71 Sebelum menemukan metode yang tepat penyuluh hendaknya mempunyai landasan yaitu yang disebut Prinsip-prinsip metode penyuluhan. Prinsip-prinsip metode penyuluhan yaitu : 1) Upaya Pengembangan berpikir kreatif ; 2) Tempat yg paling baik adalah di tempat kegiatan sasaran ; 3) Setiap individu terkait dengan lingkungan sosialnya ; 4) Ciptakan hubungan yang akrab dengan sasaran ; 5) Memberikan sesuatu untuk terjadinya perubahan. Dengan prinsip-prinsip tersebut penyuluh dapat menjadikan landasan untuk memilih metode yang tepat. Prinsip metode penyuluhan tidak berpengaruh terhadap persepsi efektifitas penyuluhan pertanian diduga disebabkan karena prinsip-prinsip metode penyuluhan belum diterapkan penyuluh terhadap petani hal ini bisa dilihat dengan kegiatan penyuluhan yang tidak pernah dilaksanakan dilapangan (dilingkungan kegiatan usahatani) melainkan didalam balai desa. Sehingga penyuluh belum dapat memahami betul keadaan petani termasuk masalah-masalah yang dihadapi petani. Selain itu juga prinsip metode penyuluhan tidak berpengaruh diduga karena penyuluh belum mampu memberikan metode yang sejauh mungkin dapat mengembangkan daya nalar dan kreativitas petani hal ini dapat dilihat bahwa metode yang diberikan penyuluh terhadap petani responden kebanyakan metode ceramah, metode demonstrasi juga sering digunakan tetapi sangatlah jarang. Menurut van den Ban dan Hawkins (1999), metode ceramah ini kurang efektif karena mempunyai kelemahan yaitu bahwa yang diucapkan penyuluh biasanya mudah dilupakan dibandingkan dengan tertulis. Juga sulit untuk mempertahankan perhatian hadirin terhadap pokok ceramah lebih dari 15 menit, kecuali jika ceramah sangat dinamis dan menarik. Ceramah dan pidato juga merupakan metode yang lemah untuk mengajarkan penerapan informasi. Metode ini harus digabung dengan diskusi dan demonstrasi untuk mencapai tujuan. Dari penjelasan diatas disimpulkan bahwa prinsip metode penyuluhan tidak berpengaruh terhadap persepsi efektifitas penyuluhan dikarenakan penyuluh belum dapat menerapkan prinsip-prinsip metode penyuluhan dengan tepat.

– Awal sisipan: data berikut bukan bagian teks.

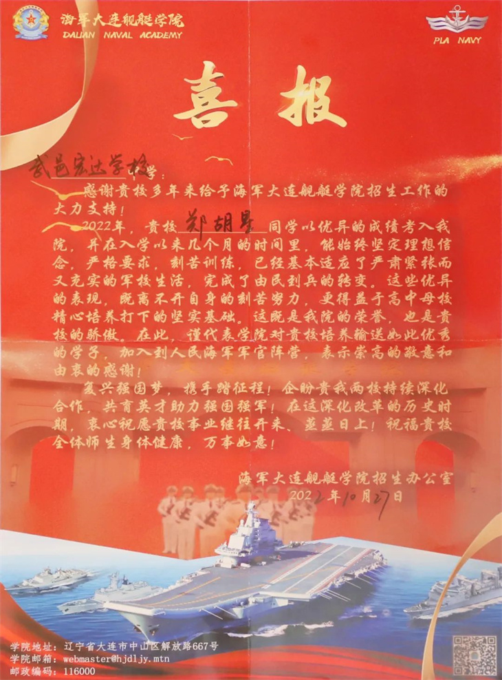 大连海军舰艇学院特别指出:自入学来,郑胡星同学始终坚定理想信念,严格要求,刻苦训练,逐渐适应了严肃紧张而又充实的军校生活,完成了由民到兵的转变,这些优异的表现更得益于高中母校的精心培养,希望两校能持续深化合作,共育英才助力强国强军!衷心祝愿我校事业继往开来、蒸蒸日上!
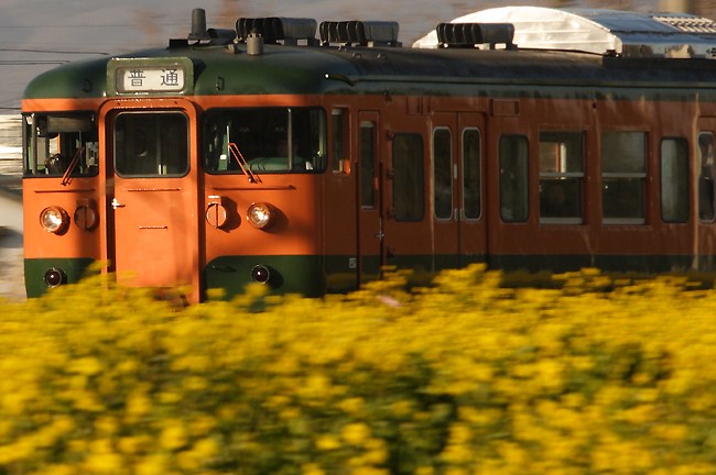 湘南色と菜の花は、合いますね。300mm単での流し、唯一の成功例。

72 5.2.6. Pengaruh Peubah Perlengkapan Penyuluhan (X6) Terhadap Persepsi Efektifitas Penyuluhan Pertanian (Y) Didalam penyuluhan, perlengkapan penyuluhan sangat penting untuk: membantu kelancaran pelaksanaan penyuluhan maupun untuk memperjelas materi yang disampaikan agar mudah diingat dan dipahami oleh masyarakat penerima manfaatnya (Mardikanto, 2009). Berdasarkan hasil penelitian, diketahui perlengkapan penyuluhan berpengaruh secara nyata terhadap persepsi efektifitas penyuluhan pertanian di Kelompok Tani Margo Tani II. Pernyataan ini dibuktikan melalui hasil uji-t, dimana nilai t-hitung lebih besar dari nilai t-tabel yaitu 3,232 > 1,70329. Hal ini berarti mendukung hipotesa awal yang menyatakan bahwa perlengkapan penyuluhan berpengaruh terhadap persepsi efektifitas penyuluhan pertanian. Perlengkapan penyuluhan berpengaruh terhadap persepsi efektifitas penyuluhan pertanian hal ini berarti semakin baik dan lengkap perlengkapan penyuluhan semakin tinggi persepsi efektifitas penyuluhan pertanian. Dalam hal ini penyuluhan lebih efektif, karena dengan adanya perlengkapan penyuluhan membuat petani responden lebih cepat menerima dan memahami segala sesuatu yang dimaksudkan penyuluh. Dan juga perlengkapan penyuluhan yang digunakan penyuluh dapat menjelaskan isi dari materi penyuluhan, sehingga petani responden dapat mengingat dan tidak mudah melupakan kegiatan penyuluhan yang diikuti petani responden. Selain itu juga dengan adanya perlengkapan penyuluhan dapat menghemat waktu yang diperlukan penyuluh untuk menjelaskan materi yang ingin disampaikan atau dijelaskan. Perlengkapan yang baik dan sesuai akan menarik perhatian petani responden, sehingga lebih mengkonsentrasikan diri untuk mengikuti penyuluhan yang sedang dilaksanakan oleh penyuluh yang bersangkutan. Dengan demikian, semakin lengkap dan sesuai perlengkapan yang digunakan penyuluh maka semakin tinggi persepsi efektifitas penyuluhan pertanian.